Suñé-Auñón Alejandro, Jorge-Peñas Alvaro, Aguilar-Cuenca Rocío, Vicente-Manzanares Miguel, Van Oosterwyck Hans, Muñoz-Barrutia Arrate
Bioengineering and Aerospace Engineering Department, Universidad Carlos III de Madrid, Leganés, Spain.
Instituto de Investigación Sanitaria Gregorio Marañón, 28911, Madrid, Spain.
BMC Bioinformatics. 2017 Aug 10;18(1):365. doi: 10.1186/s12859-017-1771-0.
Traction Force Microscopy (TFM) is a widespread technique to estimate the tractions that cells exert on the surrounding substrate. To recover the tractions, it is necessary to solve an inverse problem, which is ill-posed and needs regularization to make the solution stable. The typical regularization scheme is given by the minimization of a cost functional, which is divided in two terms: the error present in the data or data fidelity term; and the regularization or penalty term. The classical approach is to use zero-order Tikhonov or L-regularization, which uses the L-norm for both terms in the cost function. Recently, some studies have demonstrated an improved performance using L-regularization (L-norm in the penalty term) related to an increase in the spatial resolution and sensitivity of the recovered traction field. In this manuscript, we present a comparison between the previous two regularization schemes (relying in the L-norm for the data fidelity term) and the full L-regularization (using the L-norm for both terms in the cost function) for synthetic and real data.

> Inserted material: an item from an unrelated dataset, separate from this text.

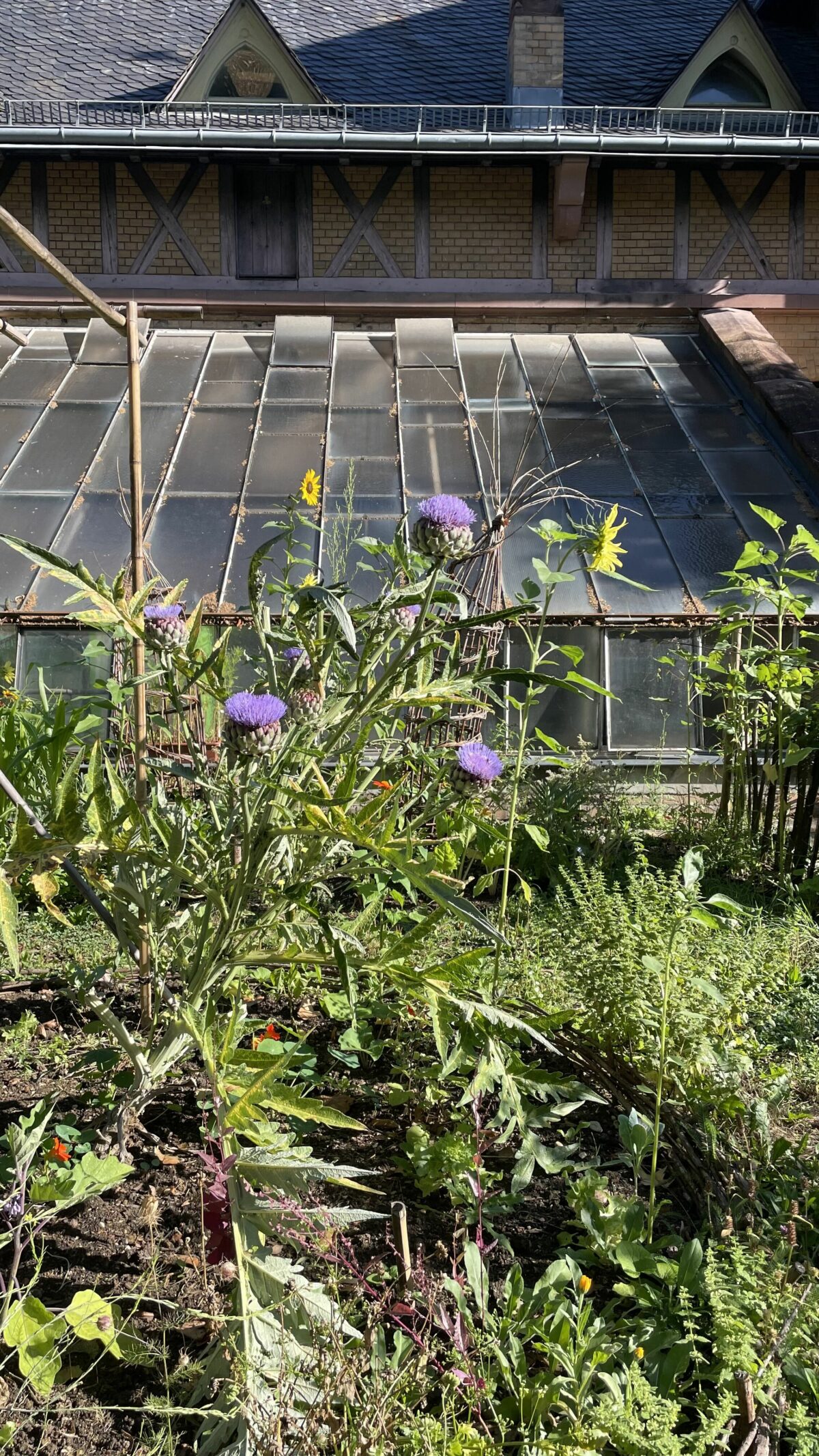 Die Sonnenblumen und Blüten der Feuerbohnen leuchten noch im Gemeinschaftsgarten vor dem Gärtnerhaus, doch auch hier zieht so langsam der Herbst ein. Die letzten warmen Sommerabende haben wir noch genutzt, um gemeinsam draußen zu essen und uns an der Schönheit zu erfreuen, die wir über das Jahr geschaffen und gepflegt haben. Wir blicken bereits auf die vierte Gartensaison zurück und doch wird es uns nicht langweilig: Immer wieder neue Menschen haben ihre Ideen mitgebracht, neue Gemüsesorten wurden ausprobiert – bestimmt habt ihr unsere Artischocke gesehen und bei genauerem hinsehen vielleicht auch schwarze Tomaten und schlangenförmige Auberginen. Dieses Jahr waren wir mit unseren Workshops (Ikebana und Pflanzenfarbe) sogar in der Innenstadt und durften das ehemalige Kögel-Areal mit aktivieren. Ab Oktober begibt sich die Gartengruppe der Villa Merkel in den Winterschlaf, um dann im März 2026 wieder neu zu starten. Wir bedanken uns bei allen, die uns unterstützt haben, für einen Plausch vorbeigekommen sind und mit uns den Stadtacker genossen haben.

Our results reveal that L-regularizations give an improved spatial resolution (more important for full L-regularization) and a reduction in the background noise with respect to the classical zero-order Tikhonov regularization. In addition, we present an approximation, which makes feasible the recovery of cellular tractions over whole cells on typical full-size microscope images when working in the spatial domain.
The proposed full L-regularization improves the sensitivity to recover small stress footprints. Moreover, the proposed method has been validated to work on full-field microscopy images of real cells, what certainly demonstrates it is a promising tool for biological applications.
牵引力显微镜技术(TFM)是一种广泛应用的技术,用于估计细胞对周围基质施加的牵引力。为了恢复牵引力,有必要解决一个不适定的反问题,这需要正则化来使解决方案稳定。典型的正则化方案是通过最小化一个代价泛函来给出的,该代价泛函分为两项:数据中存在的误差或数据保真度项;以及正则化或惩罚项。经典方法是使用零阶蒂霍诺夫正则化或L正则化,它在代价函数的两项中都使用L范数。最近,一些研究表明,使用与恢复的牵引力场的空间分辨率和灵敏度增加相关的L正则化(惩罚项中的L范数)可以提高性能。在本论文中,我们对前两种正则化方案(数据保真度项依赖于L范数)和全L正则化(代价函数的两项都使用L范数)在合成数据和真实数据上进行了比较。
我们的结果表明,与经典的零阶蒂霍诺夫正则化相比,L正则化给出了更高的空间分辨率(对全L正则化更重要)并降低了背景噪声。此外,我们提出了一种近似方法,当在空间域中工作时,它使得在典型的全尺寸显微镜图像上恢复整个细胞的细胞牵引力变得可行。
所提出的全L正则化提高了恢复小应力足迹的灵敏度。此外,所提出的方法已被验证可用于真实细胞的全场显微镜图像,这无疑证明了它是一种有前途的生物学应用工具。